## What is needed
Only the stretch below from the line holding "But wait, there’s" through the line holding "Geplant ist ein" should be restated, word for word and with both ends included; pictures stay out.

## Information shown
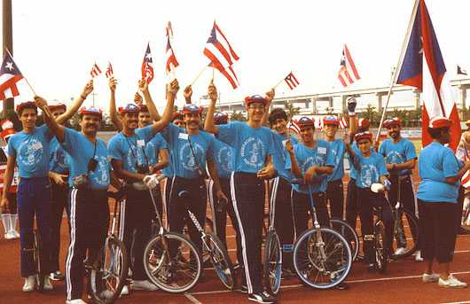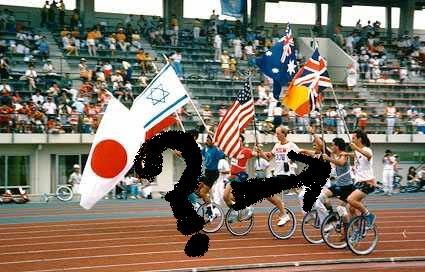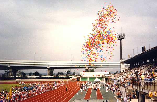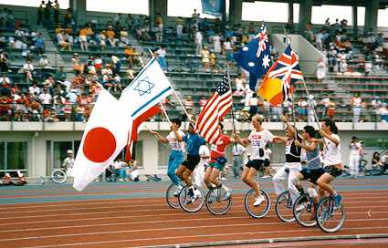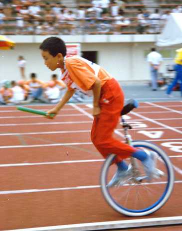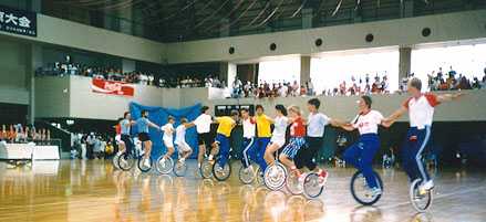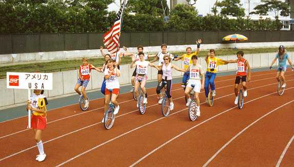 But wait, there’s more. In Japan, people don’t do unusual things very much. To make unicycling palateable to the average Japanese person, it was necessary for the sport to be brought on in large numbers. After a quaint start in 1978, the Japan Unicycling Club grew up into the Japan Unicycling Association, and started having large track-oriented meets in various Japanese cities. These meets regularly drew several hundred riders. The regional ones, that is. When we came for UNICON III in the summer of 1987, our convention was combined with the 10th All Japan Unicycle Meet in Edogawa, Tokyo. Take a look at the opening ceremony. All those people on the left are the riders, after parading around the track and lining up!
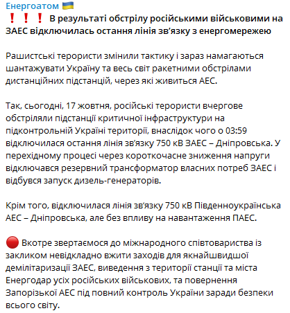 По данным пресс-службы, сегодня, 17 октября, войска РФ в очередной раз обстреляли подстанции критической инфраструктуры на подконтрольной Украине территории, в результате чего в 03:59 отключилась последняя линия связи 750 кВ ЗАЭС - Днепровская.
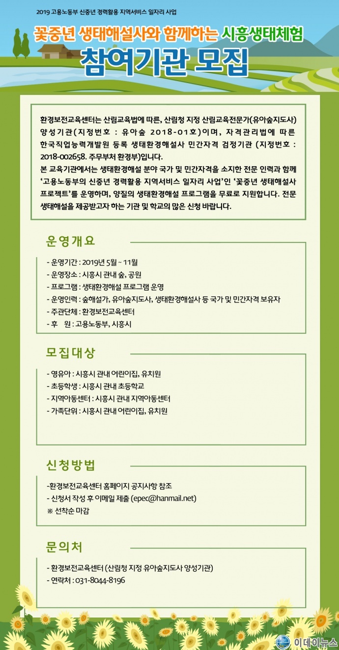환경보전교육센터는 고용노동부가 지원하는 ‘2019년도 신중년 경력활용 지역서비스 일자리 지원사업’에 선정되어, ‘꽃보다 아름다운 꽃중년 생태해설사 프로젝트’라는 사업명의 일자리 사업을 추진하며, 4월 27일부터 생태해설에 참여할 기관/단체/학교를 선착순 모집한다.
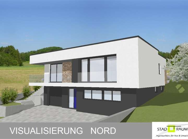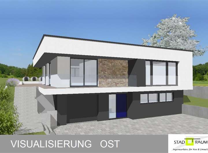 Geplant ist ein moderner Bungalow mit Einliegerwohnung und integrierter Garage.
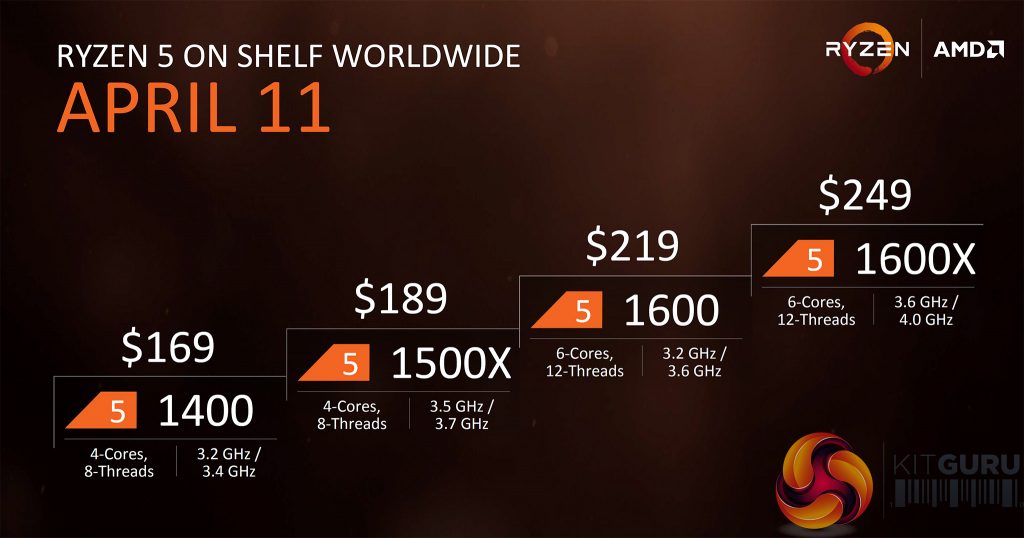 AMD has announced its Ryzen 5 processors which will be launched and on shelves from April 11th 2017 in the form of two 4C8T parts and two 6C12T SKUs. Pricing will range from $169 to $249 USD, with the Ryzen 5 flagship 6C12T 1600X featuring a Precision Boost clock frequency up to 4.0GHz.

---

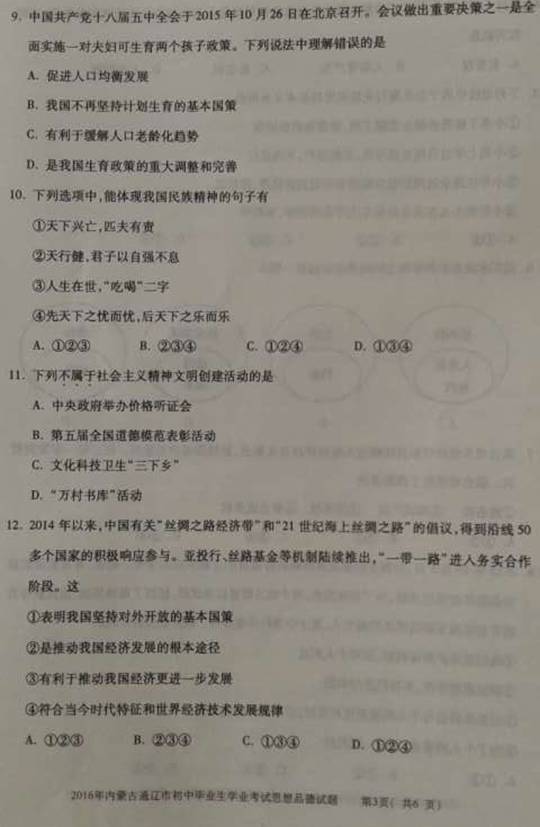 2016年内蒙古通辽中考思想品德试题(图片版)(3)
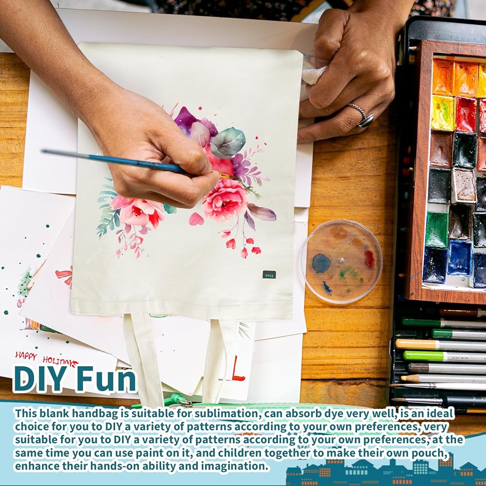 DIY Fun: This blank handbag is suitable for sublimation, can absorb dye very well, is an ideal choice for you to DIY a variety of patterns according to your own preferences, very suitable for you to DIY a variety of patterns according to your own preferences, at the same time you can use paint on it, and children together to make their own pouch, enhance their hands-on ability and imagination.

* * *

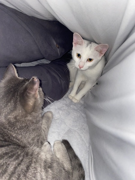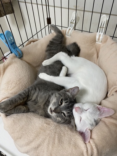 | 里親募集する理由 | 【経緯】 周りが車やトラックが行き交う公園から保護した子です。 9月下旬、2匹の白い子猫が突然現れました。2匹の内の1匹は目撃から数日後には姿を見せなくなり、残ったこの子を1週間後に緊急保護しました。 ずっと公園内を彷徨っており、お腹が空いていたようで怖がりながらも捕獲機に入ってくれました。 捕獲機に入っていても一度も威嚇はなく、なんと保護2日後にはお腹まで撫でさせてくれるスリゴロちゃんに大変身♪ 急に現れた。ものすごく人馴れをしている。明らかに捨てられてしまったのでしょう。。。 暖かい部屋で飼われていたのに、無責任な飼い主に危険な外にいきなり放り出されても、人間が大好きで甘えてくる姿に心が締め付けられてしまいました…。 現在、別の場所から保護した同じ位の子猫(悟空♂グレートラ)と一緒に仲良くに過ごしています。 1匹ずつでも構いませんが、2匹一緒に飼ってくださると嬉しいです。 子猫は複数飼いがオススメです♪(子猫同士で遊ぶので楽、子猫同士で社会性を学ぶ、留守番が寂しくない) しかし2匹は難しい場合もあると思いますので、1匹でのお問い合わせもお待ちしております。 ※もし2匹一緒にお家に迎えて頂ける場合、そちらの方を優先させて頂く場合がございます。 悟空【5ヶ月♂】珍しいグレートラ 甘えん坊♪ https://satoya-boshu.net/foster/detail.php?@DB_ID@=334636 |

## Task response
 But wait, there’s more. In Japan, people don’t do unusual things very much. To make unicycling palateable to the average Japanese person, it was necessary for the sport to be brought on in large numbers. After a quaint start in 1978, the Japan Unicycling Club grew up into the Japan Unicycling Association, and started having large track-oriented meets in various Japanese cities. These meets regularly drew several hundred riders. The regional ones, that is. When we came for UNICON III in the summer of 1987, our convention was combined with the 10th All Japan Unicycle Meet in Edogawa, Tokyo. Take a look at the opening ceremony. All those people on the left are the riders, after parading around the track and lining up!
 По данным пресс-службы, сегодня, 17 октября, войска РФ в очередной раз обстреляли подстанции критической инфраструктуры на подконтрольной Украине территории, в результате чего в 03:59 отключилась последняя линия связи 750 кВ ЗАЭС - Днепровская.
환경보전교육센터는 고용노동부가 지원하는 ‘2019년도 신중년 경력활용 지역서비스 일자리 지원사업’에 선정되어, ‘꽃보다 아름다운 꽃중년 생태해설사 프로젝트’라는 사업명의 일자리 사업을 추진하며, 4월 27일부터 생태해설에 참여할 기관/단체/학교를 선착순 모집한다.
 Geplant ist ein moderner Bungalow mit Einliegerwohnung und integrierter Garage.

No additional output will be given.